Session II.2 - Continuous Optimization
Poster
The rank-relaxed optimization landscape for orthogonal group synchronization on a general graph
Andrew McRae
EPFL, Switzerland - This email address is being protected from spambots. You need JavaScript enabled to view it.
To overcome nonconvexity in quadratically constrained quadratic programs (QCQPs), it is common to relax. Typical SDP relaxations square the dimension of the problem. Burer-Monteiro relaxations give more control over the dimension increase, but general guarantees typically still require a superlinear increase in dimension.

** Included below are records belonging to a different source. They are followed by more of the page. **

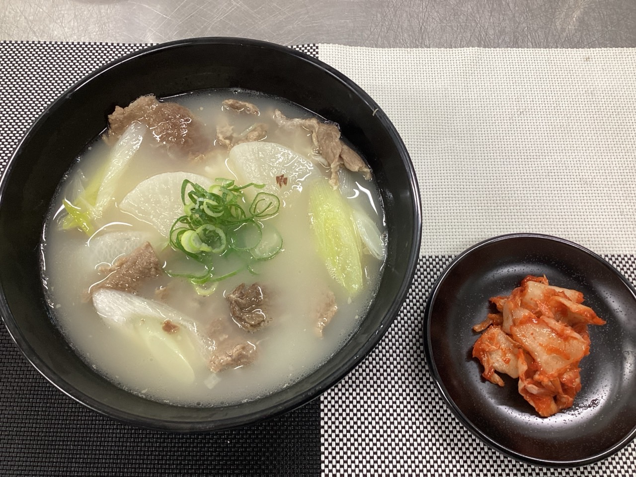 定番の大根を煮込み、キムチをトッピングに、少しのご飯を忍ばせてクッパ風のソルロンタンの出来上がりです✨
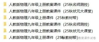 25秋人教版物理8-9年级上下册教学资料包(多套)。现将免费与大家共享。 领取电子版请拉至文末
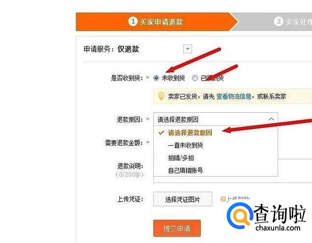在接下来的申请退款页面中,在是否收到货一项,选择未收到货,在下面的退款原因中,也选择一直未收到货,然后写上退款金额和退款说明,如果有图片证据的,可以上传图片。然后点击提交申请按钮。
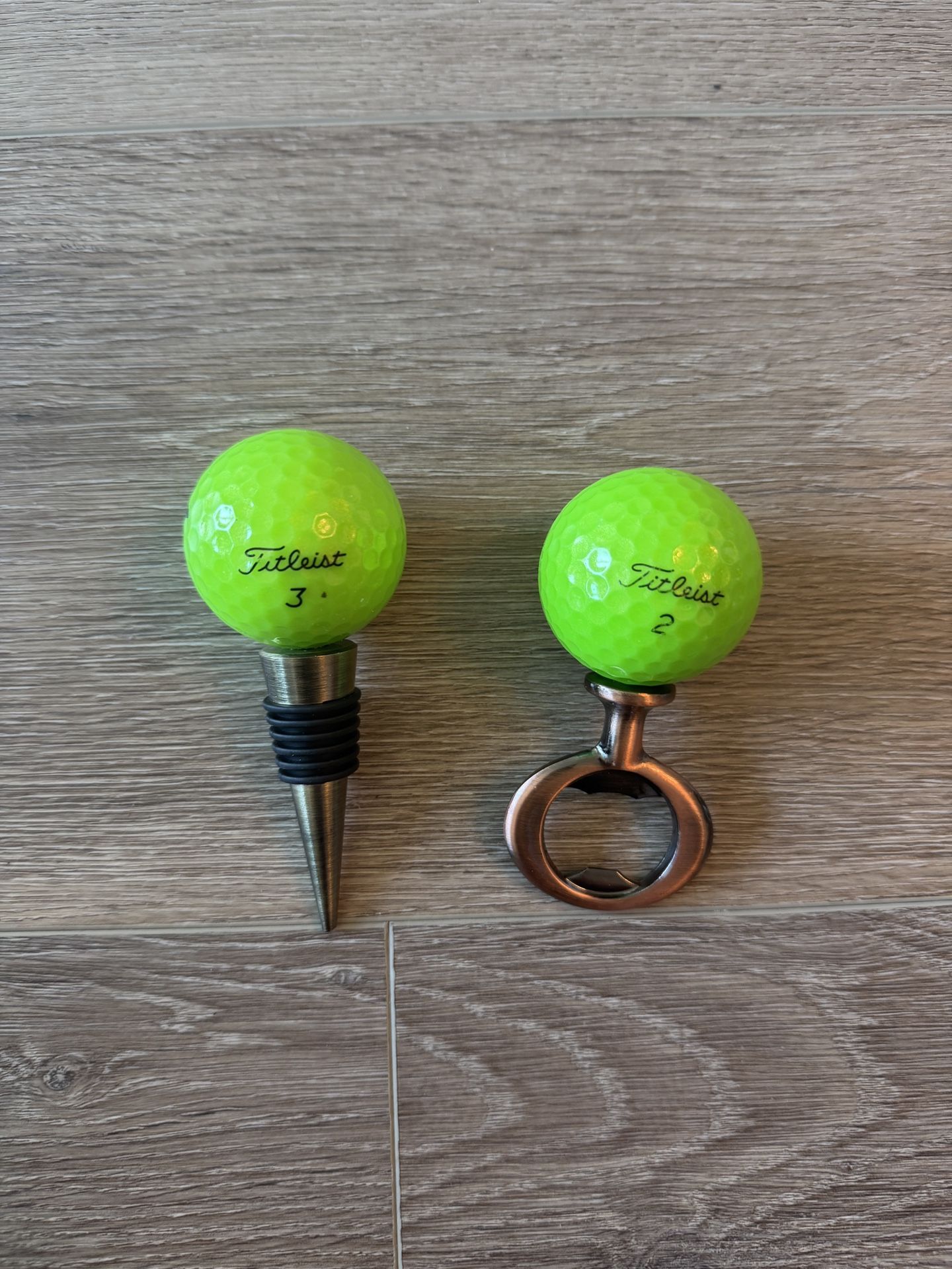 Golf ball metal beer bottle opener and wine stopper. Titleist tour soft green balls. Awesome Christmas gift
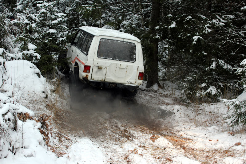 Olisinpa ollut kuvaamassa kameran kanssa aikaisemmin tuossa kohdassa. Mönkkärit vinssas sen ensin ylös. Seuraavaksi tahkosin minä Jeepillä mutta luovutin kun ei auto vaan noussut ylös. Sitten JV koitti samaa eikä patukkakaan noussut vaikka Swampperi pyöri niin perkuleesti: Varmaan lähempänä satasta olis ollu pyörintänopeus. Sitten todettiin että koitetaan vauhdilla, ja JV:hän pomppasi videon mukaisesti laakista ylös. Samanlainen yritys Jeepillä ja sekin meni heti ekalla. Perusvauhti vaan kohdalleen niin meneehän se näköjään.
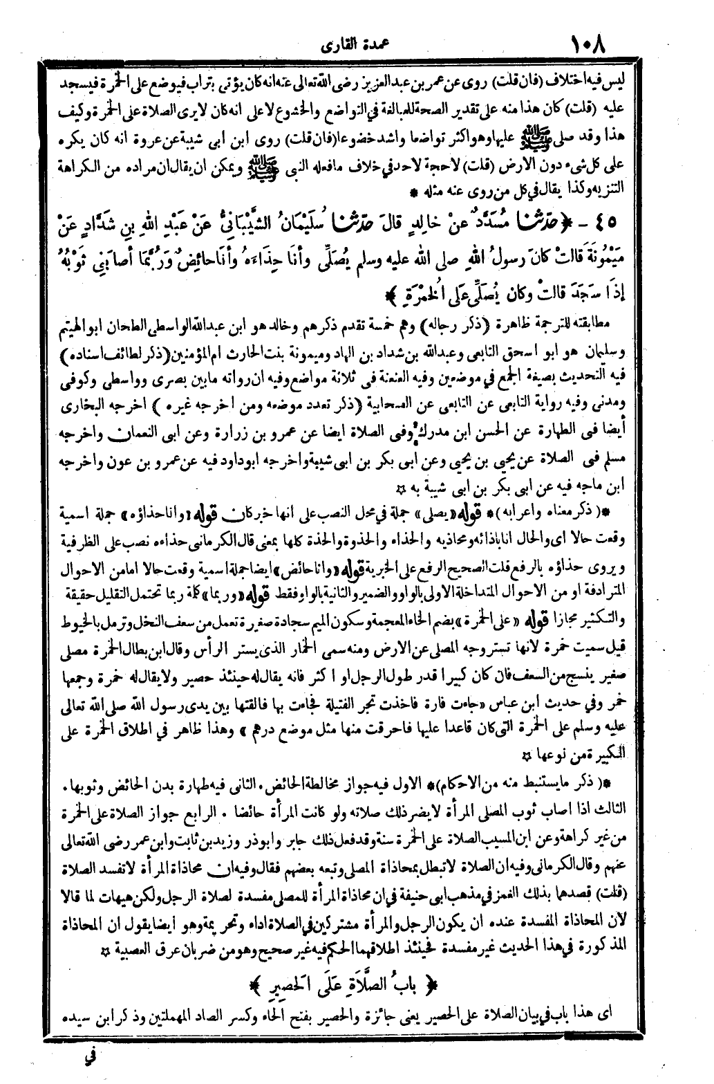 ذكر مَعْنَاهُ وَإِعْرَابه. قَوْله: (يُصَلِّي) جملَة فِي مَحل النصب على أَنَّهَا خبر: كَانَ. قَوْله: (وَأَنا حذاءه) ، جملَة إسمية وَقعت حَالا أَي: وَالْحَال أَنا بإزائه ومحاذيه، والحذاء والحذوة والحذة كلهَا بِمَعْنى. قَالَ الْكرْمَانِي: حذاءه، نصب على الظَّرْفِيَّة، ويروى: حذاؤه، بِالرَّفْع. قلت: الصَّحِيح الرّفْع على الخبرية. قَوْله: (وَأَنا حَائِض) أَيْضا جملَة إسمية وَقعت حَالا إِمَّا من الْأَحْوَال المترادفة أَو من الْأَحْوَال المتداخلة الأولى: بِالْوَاو وَالضَّمِير، وَالثَّانيَِة: بِالْوَاو فَقَط. قَوْله: (وَرُبمَا) كلمة رُبمَا تحْتَمل التقليل حَقِيقَة والتكثير مجَازًا. قَوْله: (على الْخمْرَة) ، بِضَم الْخَاء الْمُعْجَمَة وَسُكُون الْمِيم: سجادة صَغِيرَة تعْمل من سعف النّخل وترمل بالخيوط. قيل: سميت خمرة لِأَنَّهَا تستر وَجه الْمُصَلِّي عَن الأَرْض. وَمِنْه سمي الْخمار الَّذِي يستر الرَّأْس. وَقَالَ ابْن بطال: الْخمْرَة مصلى صَغِير ينسج من السعف، فَإِن كَانَ كَبِيرا قدر طول الرجل أَو أَكثر فَإِنَّهُ يُقَال لَهُ حينئذٍ: حَصِير، وَلَا يُقَال لَهُ خمرة، وَجَمعهَا: خمر. وَفِي حَدِيث ابْن عَبَّاس: (جَاءَت فَأْرَة فَأخذت تجر الفتيلة فَجَاءَت بهَا فألقتها بَين يَدي رَسُول ا، على الْخمْرَة الَّتِي كَانَ قَاعِدا عَلَيْهَا، فأحرقت مِنْهَا مثل مَوضِع دِرْهَم) . وَهَذَا ظَاهر فِي إِطْلَاق الْخمْرَة على الْكَبِيرَة من نوعها.
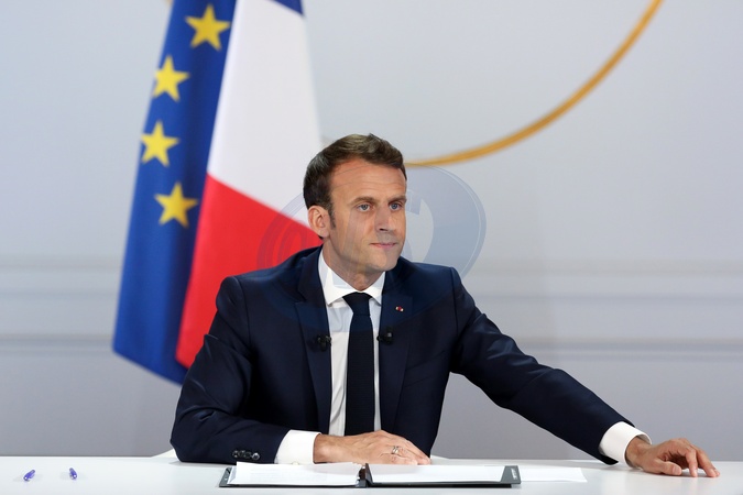 Emmanuel Macron podczas konferencji w Palacu Elizejskim

Yet, for some problems, when the data is sufficiently structured, it is observed that merely doubling or tripling the dimension is sufficient to dissolve all bad local minima. We show this formally for special settings in synchronization of rotations, with connections to simultaneous localization and mapping (SLAM) in robotics and to synchronizing oscillators in the Kuramoto model.
Specifically, we consider the estimation of $r \times r$ orthogonal matrices $Z_1, \dots, Z_n$ from relative measurements of the form $R_{ij} \approx Z_i Z_j^T$ for $(i,j)$ corresponding to the edges of a connected graph $G$. The least-squares estimator can be expressed as a QCQP $\max_{Y \in \mathbf{R}^{nr \times r}}~\langle C, Y Y^T \rangle$ subject to $Y_i Y_i^T = I_r$ for each $r$-row block of $Y$. For $p \geq r$, the rank-$p$ relaxation of this problem allows $Y \in \mathbf{R}^{nr \times p}$, which makes the above problem an optimization program over a product of $n$ Stiefel manifolds. We show that, in the noiseless case, the rank-$p$ relaxation has no spurious local minima and yields an exact solution to the original rank-$r$ problem whenever $p \geq r+2$. This is optimal for general graphs; the best prior results require $2p \geq 3(r + 1)$. Furthermore, we prove that the absence of spurious local minima is robust to measurement error, where the amount of error tolerated depends on the relaxation rank $p$ and the spectral properties of $G$.
Joint work with Nicolas Boumal (EPFL, Switzerland).